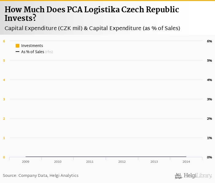PCA Logistika Czech Republic invested a total of CZK 0 mil in 2014, down 0% compared to the previous year. Historically, between 2009 - 2014, the company's investments stood at a high of CZK 0 mil in 2009 and a low of CZK 0 mil in 2014.
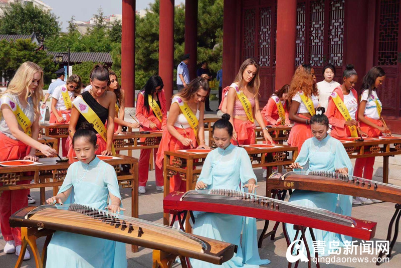 優(yōu)雅的古箏表演,用優(yōu)雅華麗的演奏深深博得了佳麗們的熱烈掌聲。在箏樂的伴奏中,城陽的書法老師帶領著佳麗們一筆一劃地用毛筆書寫祝福,在翰墨之間感悟東方文化意蘊。
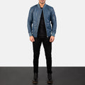 Bomia Ma-1 Blue Leather Bomber Jacket
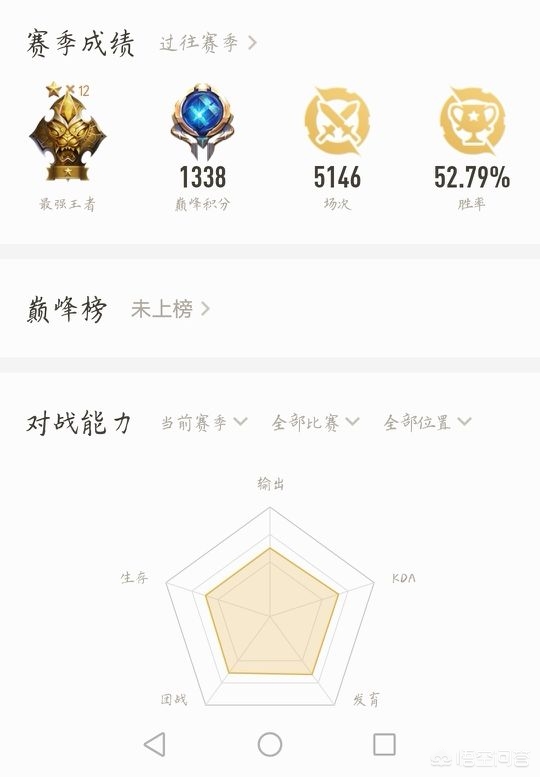 3、荣耀战力和段位也有关系,排位赛段位提升以后会增加英雄的战力上限(其实就是表现分+战绩分的上限),这个效果和巅峰积分类似。
*****
Omit the pictures and reproduce the listing exactly.

PCA Logistika Czech Republic invested a total of CZK 0 mil in 2014, down 0% compared to the previous year. Historically, between 2009 - 2014, the company's investments stood at a high of CZK 0 mil in 2009 and a low of CZK 0 mil in 2014.
 優(yōu)雅的古箏表演,用優(yōu)雅華麗的演奏深深博得了佳麗們的熱烈掌聲。在箏樂的伴奏中,城陽的書法老師帶領著佳麗們一筆一劃地用毛筆書寫祝福,在翰墨之間感悟東方文化意蘊。
 Bomia Ma-1 Blue Leather Bomber Jacket
 3、荣耀战力和段位也有关系,排位赛段位提升以后会增加英雄的战力上限(其实就是表现分+战绩分的上限),这个效果和巅峰积分类似。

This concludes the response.